Three places: workspace/skills/ (highest priority — for ClawHub installs and self-built skills), ~/.openclaw/skills/ (user-level — use symlinks to enable skills from other sources), and built-in skills (managed by npm, leave them alone).
Q: I installed a skill with skills.sh but OpenClaw can't find it. Why?
skills.sh installs to ~/.agents/skills/, which OpenClaw doesn't scan by default. Create a symlink: ln -s ~/.agents/skills/the-skill ~/.openclaw/skills/the-skill.
Q: Should I use extraDirs or symlinks?
Symlinks. extraDirs exposes an entire directory with no filtering, and it's the lowest priority in the loading order. Symlinks let you enable or disable individual skills. You'll thank yourself when you have 30+ skills installed but only want 15 active.
Q: My agent keeps rebuilding skills I already made. How do I stop this?
Create a registry file (e.g., SKILLS_REGISTRY.md) and add a rule to your AGENTS_RULES.md that the agent must check the registry before building anything new, and must register anything it creates.
Q: How do I track my Claude Max/Pro subscription quota?
During this cleanup I ran into this exact problem — I wanted to know how much quota I had left, not how much I'd spent. I ended up building a skill called claude-quota-checker that automates Claude Code CLI's /usage command via tmux. It shows remaining %, plan type, and reset times in about 8 seconds, no API keys needed. clawhub install claude-quota-checker if you're curious.
Q: What's the best skill marketplace for OpenClaw?
As of early 2026, ClawHub is the clear leader. We evaluated Paks (41 stars), askill (6 stars), Tessl (commercial), and others — none are mature enough for production use yet.
Q: Does this approach work on Linux / cloud servers?
Yes. The symlink pattern is OS-agnostic. I run this on a Mac Studio (macOS) but the same structure works on any Linux VPS or CI environment.
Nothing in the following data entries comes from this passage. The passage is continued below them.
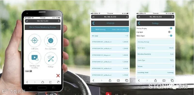 驾驶员疲劳监测系统可以通过Wi-Fi连接到手机上的APP。APP上提供设备配置,文件上传和其他功能。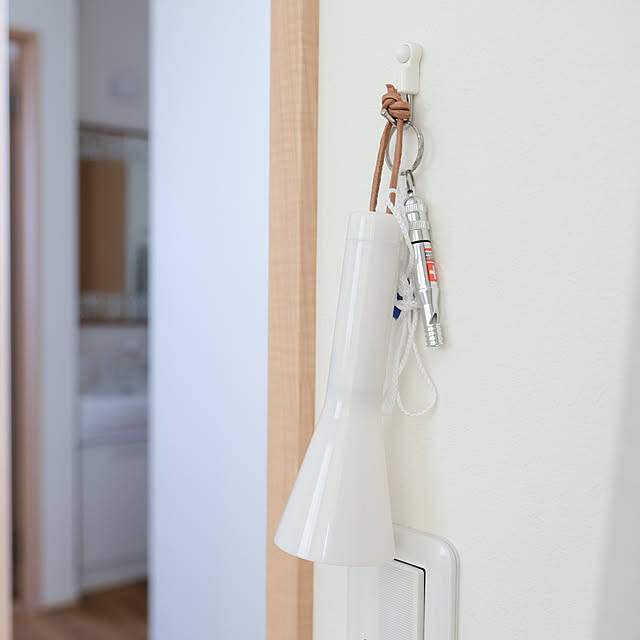 子ども部屋の入口に「LED懐中電灯」を掛けているpyokopyokopさん。非常用笛も一緒に掛け、防災対策もばっちり。ホワイトのスマートなデザインが、お部屋に自然となじみます。目の届く場所にあると、いざというとき使いやすいですね。単三乾電池1本で使用でき、防雨型なので屋外でも安心ですよ。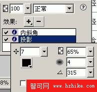 “投影”設置參數:距離為7、透明度為65%、柔化為4、角度為315。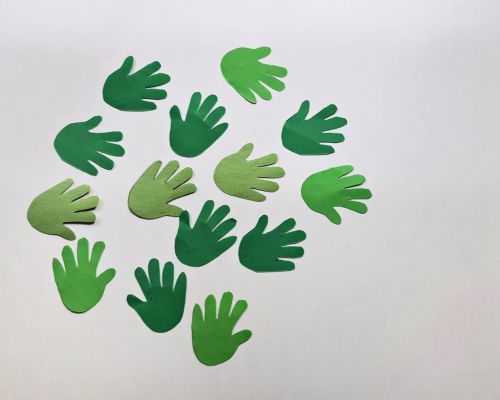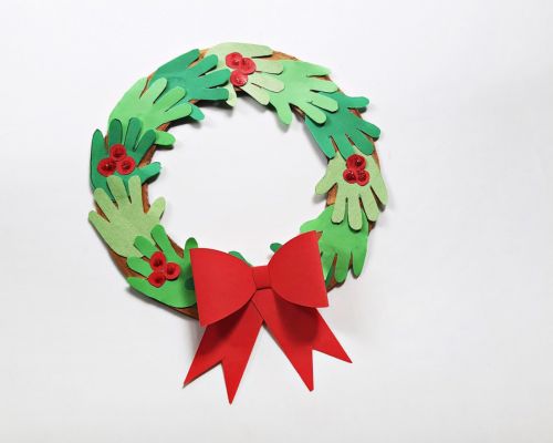 Select different shades of green colored craft papers to prepare the handprints. You can simply trace your own hands for this craft. Trace and cut out as many handprints as you need to make the wreath.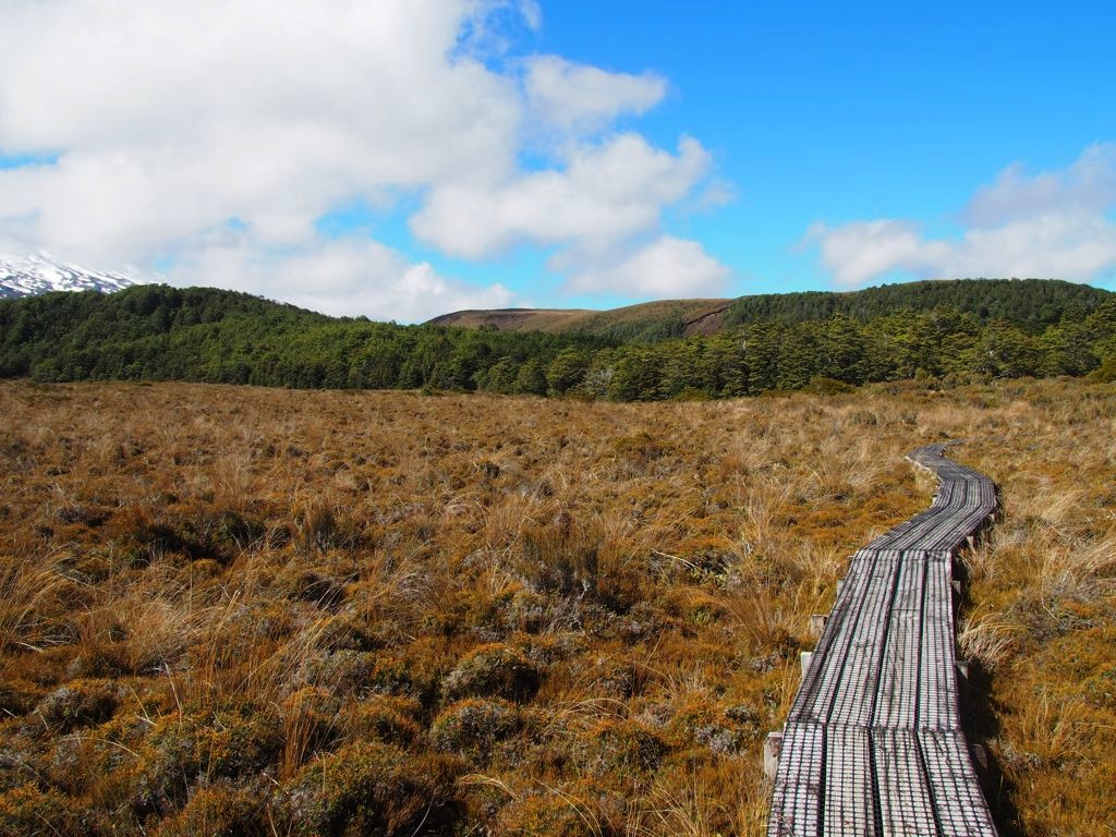 - Silica Rapids Walk : nous avons fait la première partie de cette randonnée facile de 7km qui longe une rivière avec quelques rapides. Il y avait même un petit air des Fagnes avec les pontons en bois et la végétation, les volcans en plus en arrière plan !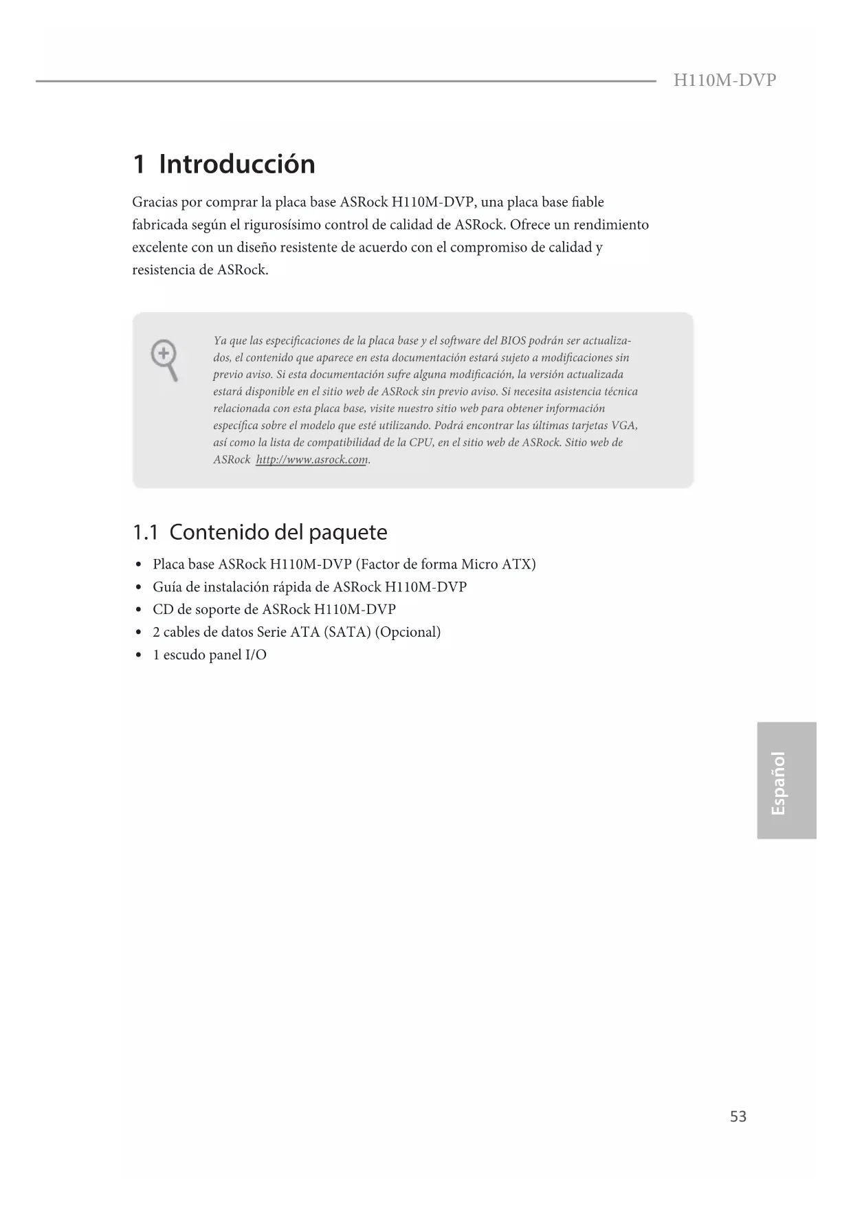 Español H110M-DVP 1 Introducción Gracias por comprar la placa base ASRock H110M-DVP, una placa base able fabricada según el rigurosísimo control de calidad de ASRock. Ofrece un rendimiento excelente con un diseño resistente de acuerdo con el compromiso de calidad y resistencia de ASRock.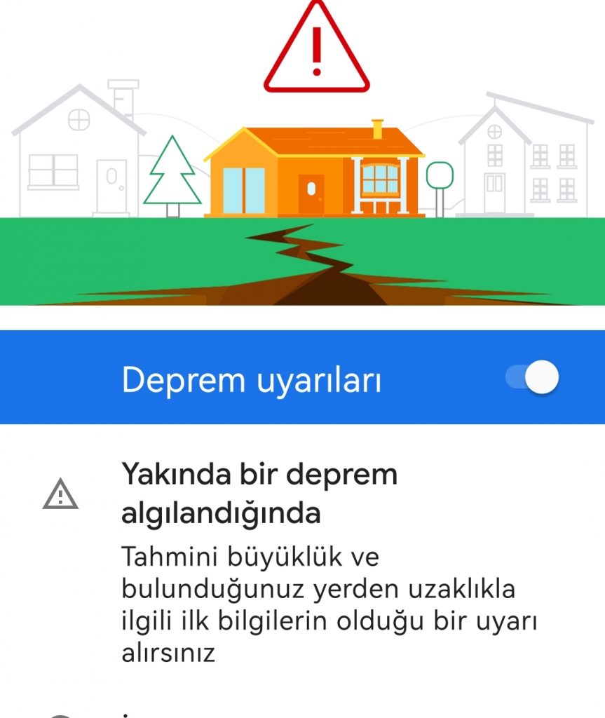 Android deprem uyarı sistemini aktif hale getirmek için telefonun “Ayarlar” menüsüne gidin. Daha sonra Konum-Gelişmiş-Deprem Uyarıları adımlarını takip ederek deprem uyarı sistemini açabilirsiniz veya Ayarlar bölümüne gidin. “Acil durum” seçeneğine basın. Deprem uyarıları sayfasını göreceksiniz. “Uyarıları aç” tuşuna basarak aktif hale getirebilirsiniz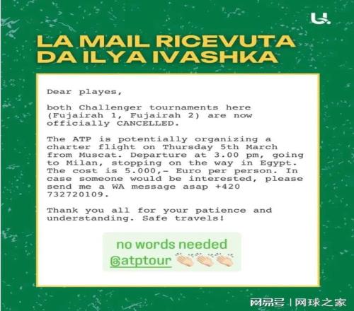就在所有人都在期待ATP的表態,以及這件事的最終走向時,球員伊利亞·伊瓦什卡通過個人社交媒體第一時間對外透露,所有球員的抗爭和外界為滯留球員的發聲贏得了全面勝利,撤離中東包機費用事件畫上了句號,結果讓所有人都很滿意。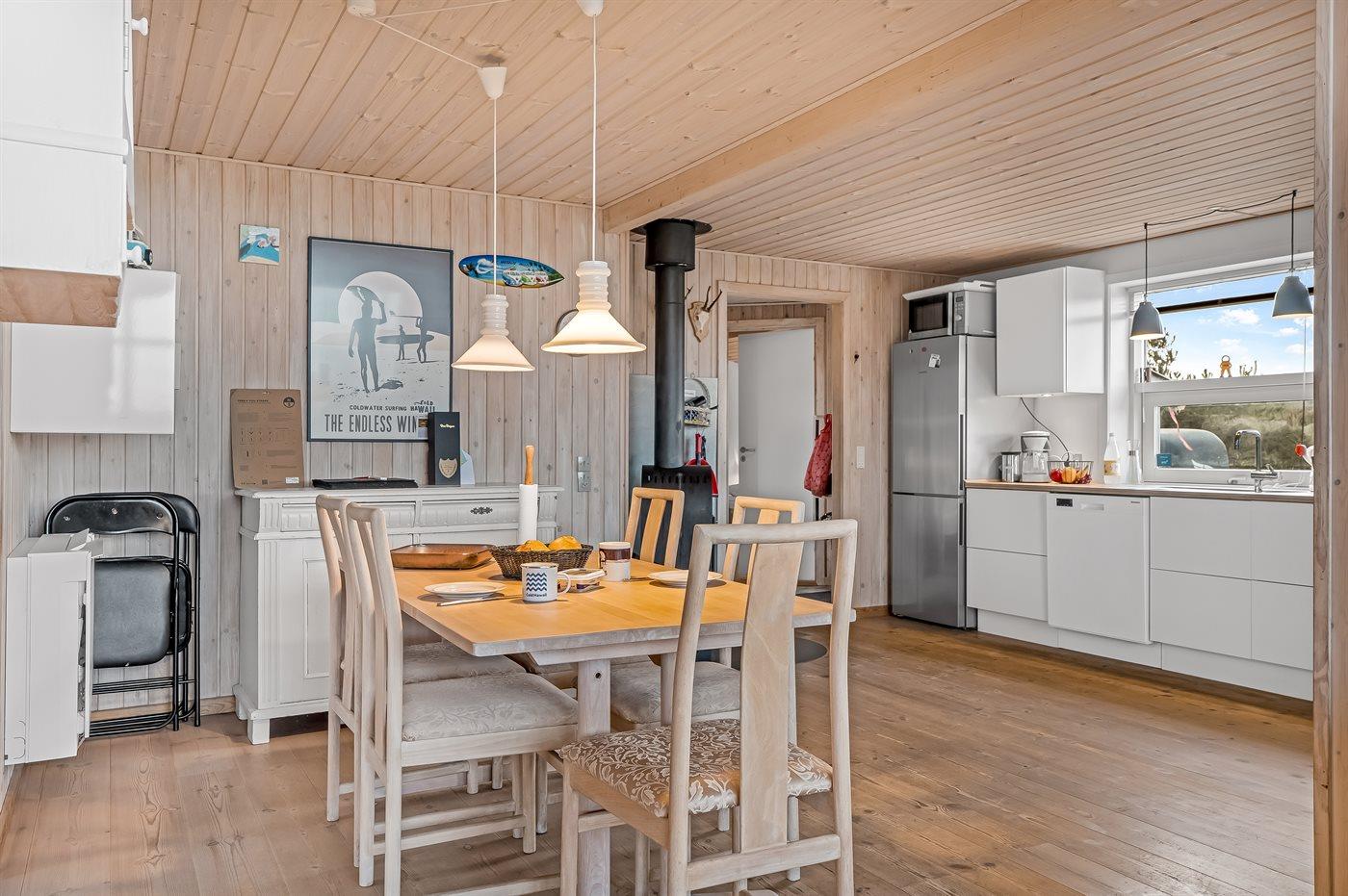Køkkenet er udstyret med 1 køleskab. Der er 4 elkogeplader, varmluftovn, mikrobølgeovn samt opvaskemaskine.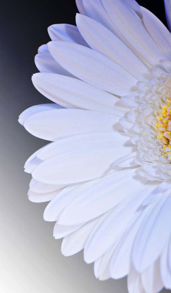Обои Нежный белый цветок герберы с желтой серединкой крупным планом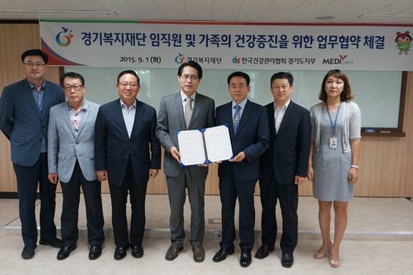 경기복지재단(대표이사 박춘배)은 한국건강관리협회 경기도지부(부본부장 김행수)와 1일 경기복지재단에서 재단 임직원 및 가족의 건강증진을 위한 업무협약을 체결했다.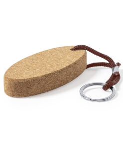 Schwimmender Schlüsselanhänger aus Naturkork, der die Verwendung natürlicher Materialien fördert und so zur Nachhaltigkeit des Planeten beiträgt. Mit Polyesterkordel und Metallring.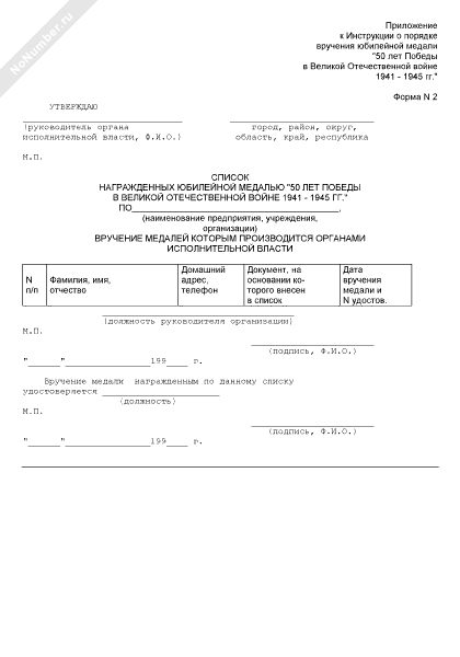 - 356Список награжденных юбилейной медалью «50 лет победы в Великой Отечественной войне 1941-1945 гг.», вручение медалей которым производится органами исполнительной власти (форма № 2)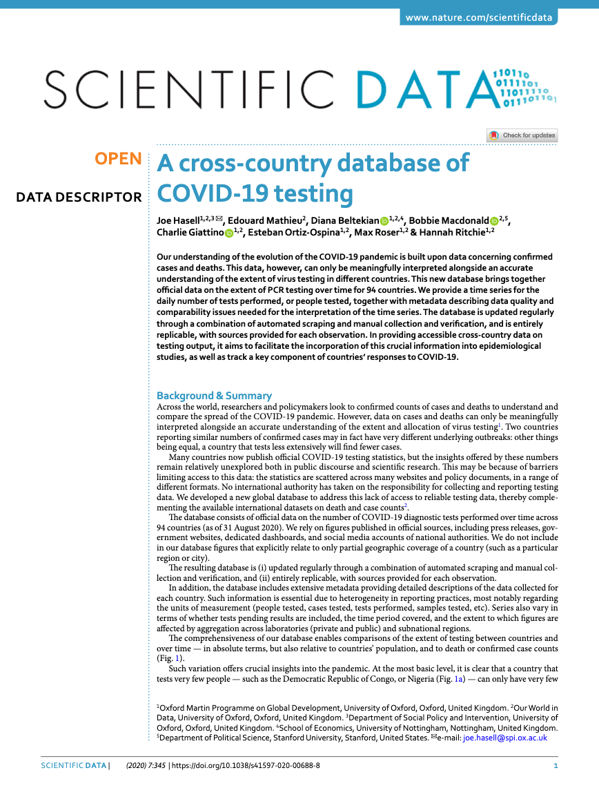 Because testing was limited, we at Our World in Data started building a testing database early on in the pandemic, to show the levels of testing over time and how they related to the number of cases detected. We published this database in the journal Nature Scientific Data.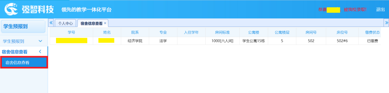 在系统可选的时间内,选择完宿舍并提交后,可进入宿舍信息查看页面浏览所选宿舍信息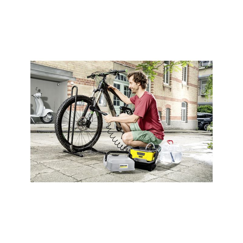 Perfecta para cuando se sale de viaje con frecuencia: la caja de accesorios Adventure con accesorios específicos para limpiar el equipamiento de actividades al aire libre en cualquier lugar. El cepillo universal, que puede conectarse a la pistola, desprende la suciedad resistente con los cepillos blandos y la arrastra. Gracias a la manguera de aspiración pueden utilizarse fuentes de agua alternativas como pozos o bidones. Por último, los accesorios se pueden almacenar en la práctica caja colocada en la limpiadora de presión.

Just adjust the homebrew path for built-in skills.
Wrapping Up
Managing OpenClaw skills at scale is a solved problem — you just have to solve it yourself, because the tooling isn't there yet. The warehouse-and-shelf pattern with symlinks has been running cleanly for me since I set it up, and the registry rule means nothing gets lost between sessions.
If you're just getting started with OpenClaw, set up this structure before you hit 20 skills. Future you will be grateful.